[Data excerpts]
▶

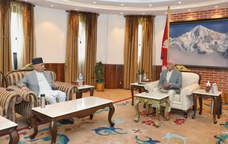 Prime Minister Oli visited Sheetal Niwas to meet President Paudel, where they discussed contemporary issues, according to the Prime Minister’s Secretariat.
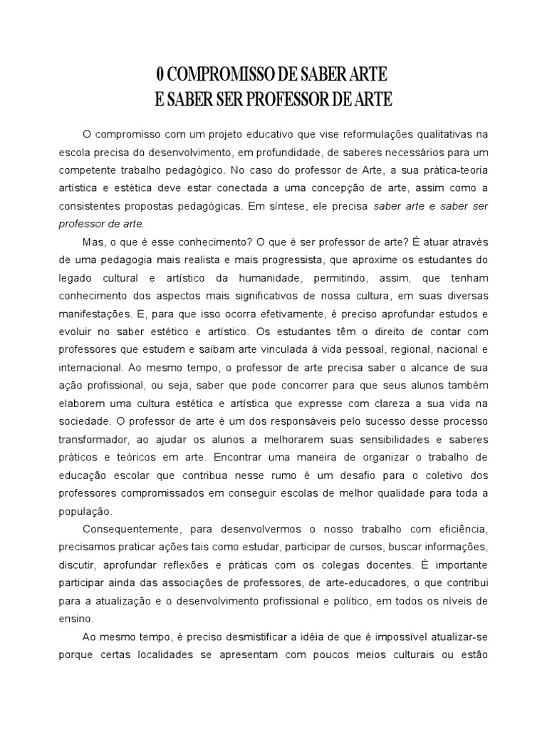consistentes propostas pedaggicas. Em sntese, ele precisa saber arte e saber ser
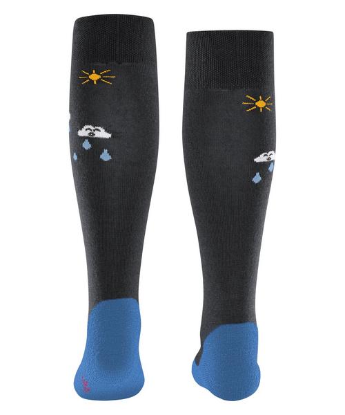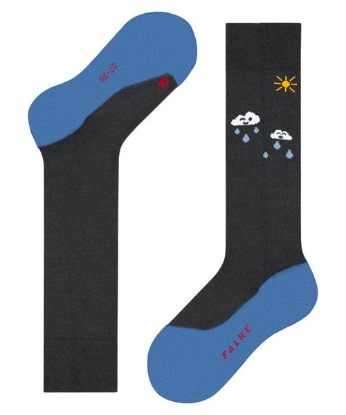 Dieser Kinder-Strumpf ist der perfekte Begleiter für kalte und nasse Tage. Dank der hautschmeichelnden Wolle-Mischung und der Kniestrumpflänge mit Umschlagbündchen werden Füße und Waden wunderbar warmgehalten. Das spezielle Sohlenmaterial sorgt für ein angenehmes Fußklima und einen hohen Feuchtigkeitstransport, damit kleine Füße auch in Gummistiefeln nicht schwitzen. Neben den witzigen Regenwolken im Schaft erscheinen beim Umschlagen des komfortablen Bündchens Sonne und Regenbogen. Die anatomische FALKE-Passform bietet den Kindern höchsten Tragekomfort.
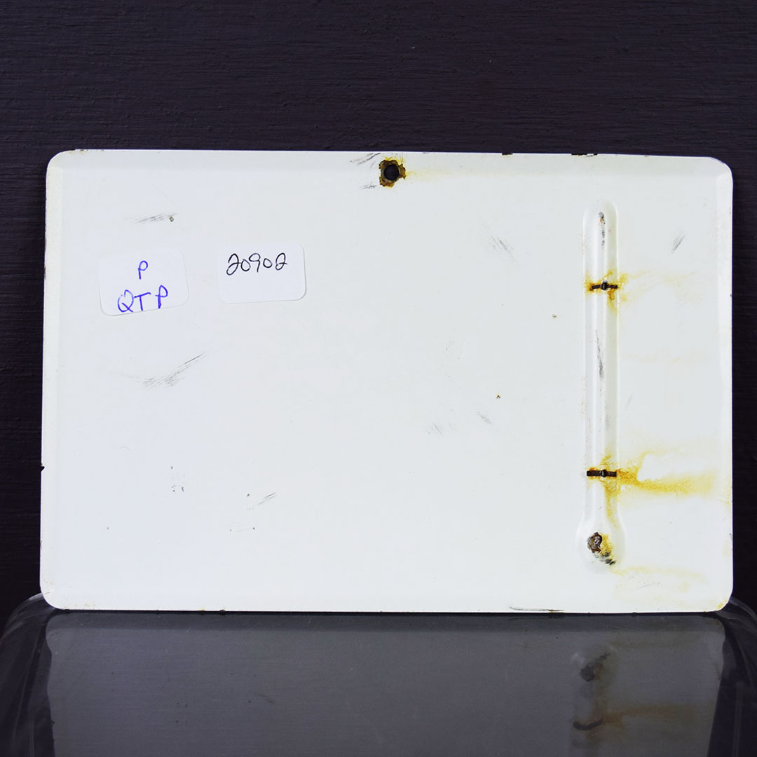 Small but colorful, this sharp Beck’s Hybrids thermometer is stamped metal and measures four inches tall by six inches long. It dates from the 1950s and features a corn cob and stalks in the background. Some chips are around the top mounting hole, and the face has a few fine marks on the surface. Some slight yellowing appears on the white background. With great colors and the right size, this thermometer will surely fit anywhere in your collection! 20902-QTP
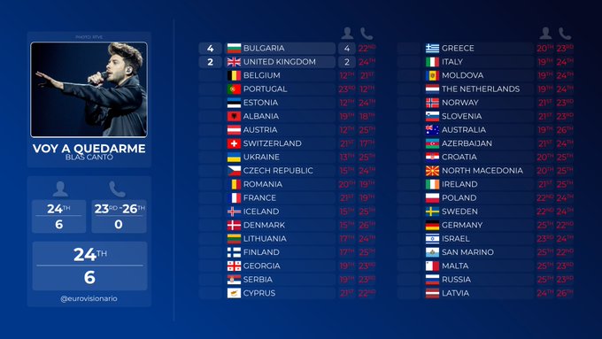 ESC Covers found another wonderful lay out of the points one of the 2021 Eurovision entries got – this time from SPAIN. The song is Voy a quedarme and was performed by BLAS CANTO.
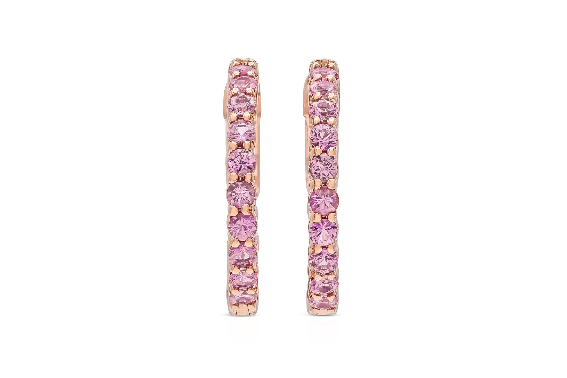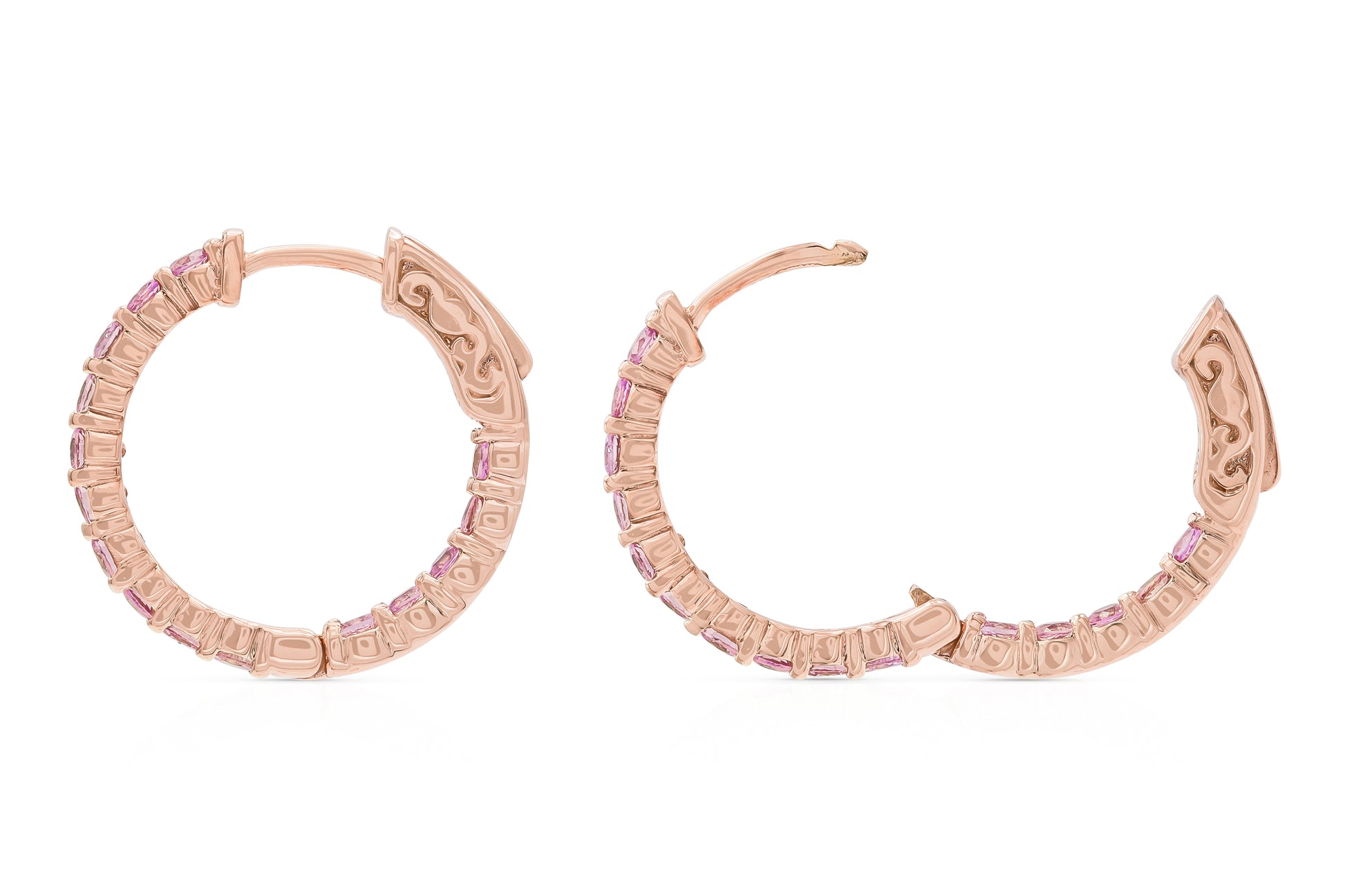Handmade 18K Rose Gold Hoops with 30 Natural Round Brilliant Cut Pink Sapphires weighting appx. 2.15 carat.
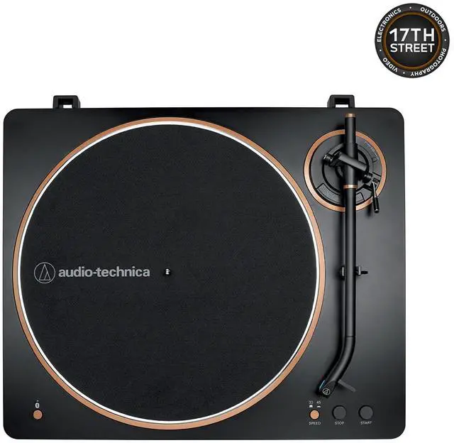 Designed for both beginners and experienced listeners, the AT-LP70XBT-BZ features 33-1/3 and 45 RPM speeds, a die-cast aluminum platter with felt mat, and an integrated AT-VM95 Dual Moving Magnet phono cartridge with replaceable AT-VM95C stylus for accurate tracking and warm, detailed analog sound. A vibration-dampening three-piece chassis and J-shaped tonearm help reduce resonance, while Bluetooth® wireless audio with aptX® support allows seamless streaming to compatible speakers or headphones.

◀

● Brief
Give again, word for word, every line from the top of the data through the line with "Dieser Kinder-Strumpf ist", both ends included, and exclude the pictures.

● Your response
 Prime Minister Oli visited Sheetal Niwas to meet President Paudel, where they discussed contemporary issues, according to the Prime Minister’s Secretariat.
consistentes propostas pedaggicas. Em sntese, ele precisa saber arte e saber ser
 Dieser Kinder-Strumpf ist der perfekte Begleiter für kalte und nasse Tage. Dank der hautschmeichelnden Wolle-Mischung und der Kniestrumpflänge mit Umschlagbündchen werden Füße und Waden wunderbar warmgehalten. Das spezielle Sohlenmaterial sorgt für ein angenehmes Fußklima und einen hohen Feuchtigkeitstransport, damit kleine Füße auch in Gummistiefeln nicht schwitzen. Neben den witzigen Regenwolken im Schaft erscheinen beim Umschlagen des komfortablen Bündchens Sonne und Regenbogen. Die anatomische FALKE-Passform bietet den Kindern höchsten Tragekomfort.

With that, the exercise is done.